扉絵

クニAFTER

今の子は変わっているわね

 昼下がり。

 

 夏休みの学校は、割と混雑している。

 夏休みでも勉強のために開放している、というのが理由だが、勉強している生徒はわずかだ。

 何をしているかと言うとおしゃべりしていた。田舎だからやることがないと生徒は言うが、いや勉強があるでしょうと私は言いたい。

 

 いや。今日はそれ以上に言いたいことが、ある!

 先生言いたいことがあります。

 記憶にない生徒が......いる。

 でも、誰も不思議に思っていなさそう。田舎だから?

 おおらかだから?

 

 いやいやいやいや。ありえません。先生そんな非常識を許しませんよ。

 

 私は歩く全速で歩いた。あ、クニ先生という間の抜けた声を無視して、その子の前に立った。
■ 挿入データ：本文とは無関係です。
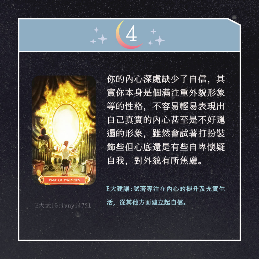 嗨~我是E大,歡迎你來到我的塔羅世界,創立這個平台主要是為了讓更多人對塔羅牌產生興趣,並且能透過牌卡找到自己人生方向。歡迎關注追蹤我囉!https://linktr.ee/lanyi4751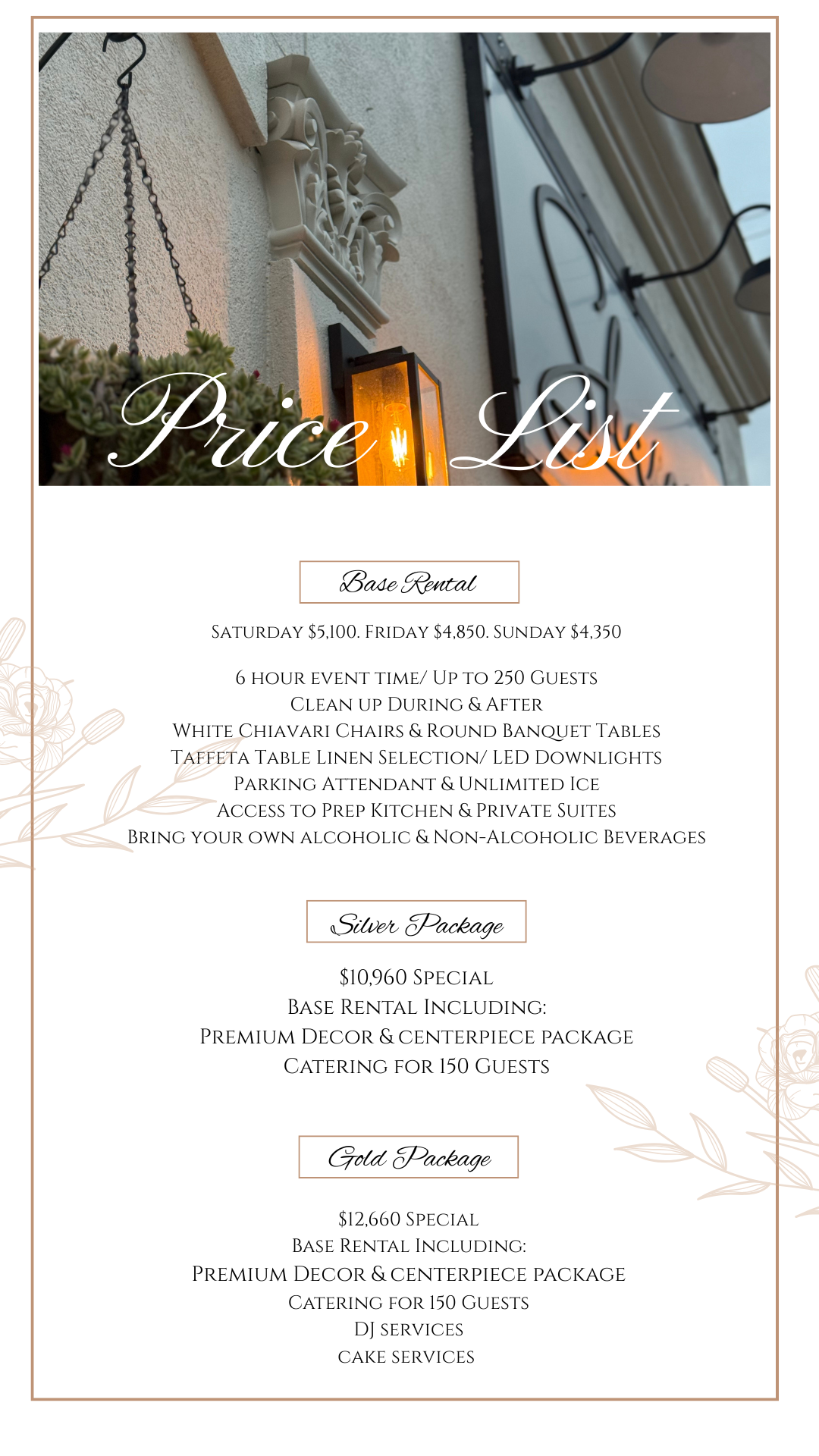 Our venue accommodates up to 250 guests and features customizable floor plans. Reach out today to book your tour and see how we can help make your event unforgettable!

「あなた! そう、あなた! どこの生徒なの? 名前と学年を言いなさい!」

 

 そう言ったら、周囲の生徒たちが笑いだした。冗談だと思ったらしい。その反応に仰天していると、くだんの生徒が私を見た。

 

 あれ、身体が動かない......。

 それで意識が飛んだ。気づいたら私は教室の隅、掃除用具入れの前に立てかけられていた。

 恐怖! あ、でも身体が動いた。じゃあいいか。

 あれは夢?

 

 分からない。というよりも理解できない。そんな非科学的なことなんてケガイだけで十分。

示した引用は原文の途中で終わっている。